Aug 11, 2013

A sobering day in New Orleans – the National World War II Museum

After two road trips in three weeks and logging 4,000 miles traveled, I suddenly have an abundance of topics to blog about.  So, I might as well get started where I left off.  And in case you were wondering, I haven’t forgotten to finish my list of 100 All-Time Favorite Blues Songs. I plan to time the wrap-up around Springfield’s annual Blues and BBQ festival; it just seems to be an appropriate thing to do.  So onward we go …

On our first full day in New Orleans, the Young Curmudgeon and I decided to check out the National World War II Museum, which required a somewhat lengthy (but really not strenuous, unless you are averse to humidity) walk from where we were staying in the heart of the French Quarter, through the Central Business District and to the outer edge of the Warehouse District.  Still, the walk alone was a good way to explore downtown New Orleans, pass by Lafayette Square, walk to nearby Lee Circle and window shop at the many storefronts and restaurants along the way. 

We prepared for the walk with a shot of café au lait and a good dose of powdered sugar that coated our beignets from the Café du Monde.

He got his smile from me.  

Mmmm ... beignets ... 

Packing heat at Cafe du Monde ... I bet he didn't wait long for a table.  
The National World War II Museum is located between Camp and Magazine Streets on Andrew Higgins Blvd.  Why Andrew Higgins?  He just happens to be the guy who designed the boats that made the D-Day invasion possible.  And since he was a New Orleans native, you quickly understand why the museum, which originally opened as the National D-Day Museum, is located in New Orleans in the first place. 

The Higgins boat, which made the D-Day invasion possible.  Leave it to a guy with experience patrolling the Louisiana swamps to come up with  the perfect boat for amphibious landings in shallow water.
In addition to the name change a few years back to acknowledge the museum’s broader scope, the museum is in the middle of an impressive expansion.  The original building from when I first visited the museum 12 year ago still houses a majority of the galleries and exhibits detailing the war from start to finish.     

A second building next door, the Kushner Restoration Pavilion, houses a 1940s-themed restaurant and soda shop and the Stage Door Canteen, which hosts live entertainment/dinner shows reminiscent of the Big Band era.  But the pavilion’s real draw is the 4-D movie “Beyond All Boundaries” which is narrated by Tom Hanks.  It’s worth the extra admission and hour of your time to check out.  I usually don’t get into special effects, but the combination of CGI, sound effects and artificial environments created for the film really puts you in the action. 

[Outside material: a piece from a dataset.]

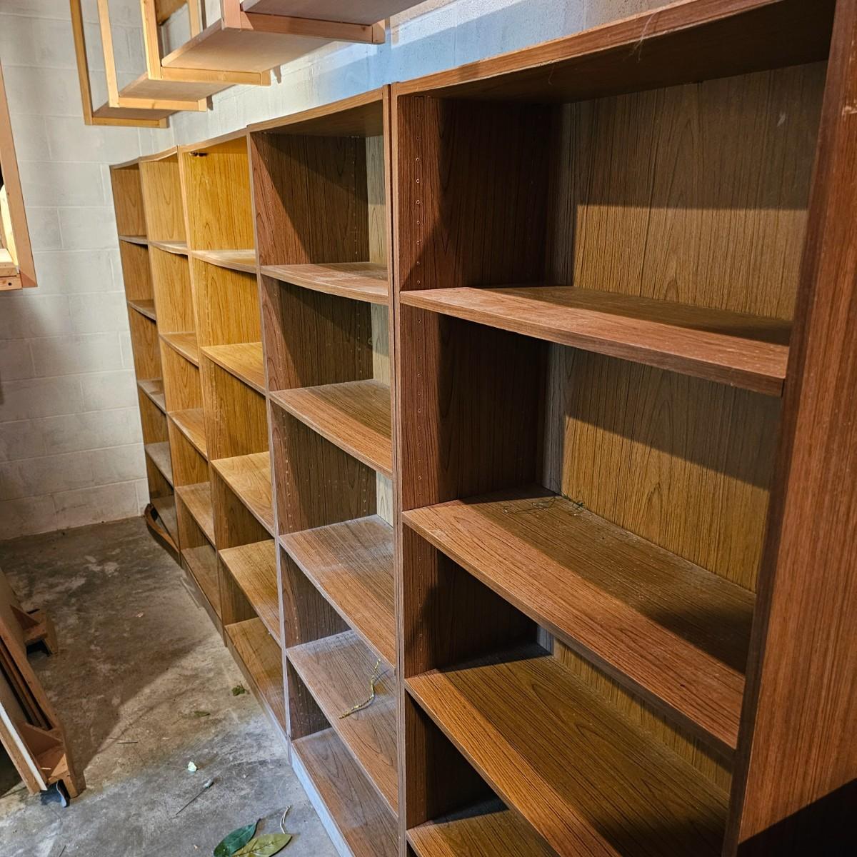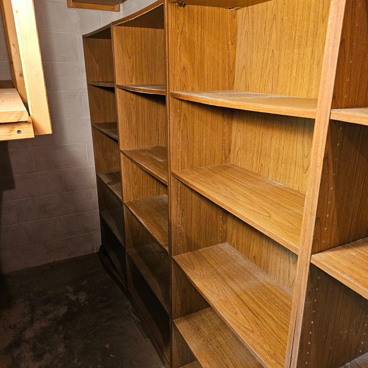 Five sets of generic particle board shelf units with four individual shelves each. The units all measure 30"W x 12"D x 72"H. All need cleaning. One unit has delaminated base piece. See photos for details. Local pickup only. Winning bidder must bring assistance to help move and load this item due to its weight and/or size. These items are located in the basement with a flight of stairs or alternatively a garden path with approximately 15 steps that can be used to go around the side of the house.

Beyond that is the Freedom Pavilion, the newest building of the National World War II Museum complex, which just opened in January 2013.  Boeing has its name attached to it, and with good reason as they were one of several companies that contributed aircraft to the war effort.   

A North American P-51 Mustang, among others.
The Freedom Pavilion is at least four stories high and immensely spacious, and the way they figured out how to display all the aircraft in their “Warbirds” gallery is quite impressive.  You walk across several bridges at various levels to see each plane from a more up close and personal vantage point.  You may want to stay on the ground if you’re afraid of heights, though.   

At the ground level are many more “Vehicles of War” (you can also see some of these when you enter the main building).  From jeeps to tanks to ambulances, you get an appreciation for what kept the war effort moving on the ground. 

The jeep is nice, but I liked the caricature on the fuselage behind it better.
My only disappointment with the museum was the special exhibit “Final Mission:  The U.S.S. Tang Experience.”  For an extra admission price, the exhibit attempts to put you on-board the war’s most successful submarine for its final patrol.  You’re assigned a station as you enter, so you can feel more like you have an actual part in the mission.  Overall, though, the exhibit came off as confusing and difficult to follow.  But maybe that’s part of the point.  The recreation of what it must have been like on a submarine is done quite well, and it must have been very hard in real life to figure out what was going on in the middle of battle.  Still, if you are running short on time, you can skip this part. 

All in all, the National World War II Museum is well worth the admission price (I paid $22 each for the museum with an extra $5 each for the 4-D movie and the U.S.S. Tang recreation).  Do yourself a favor and allow at least a half-day to see it all.  And if you’re a real history or war buff, you won’t have a problem spending the entire day here.  Plus, if you don’t make it through everything, you can purchase a second day pass for just $6.  I don’t want to come across as being overly patriotic, but it’s something every American will appreciate, as the museum does an outstanding job as a whole in capturing the entire World War II experience.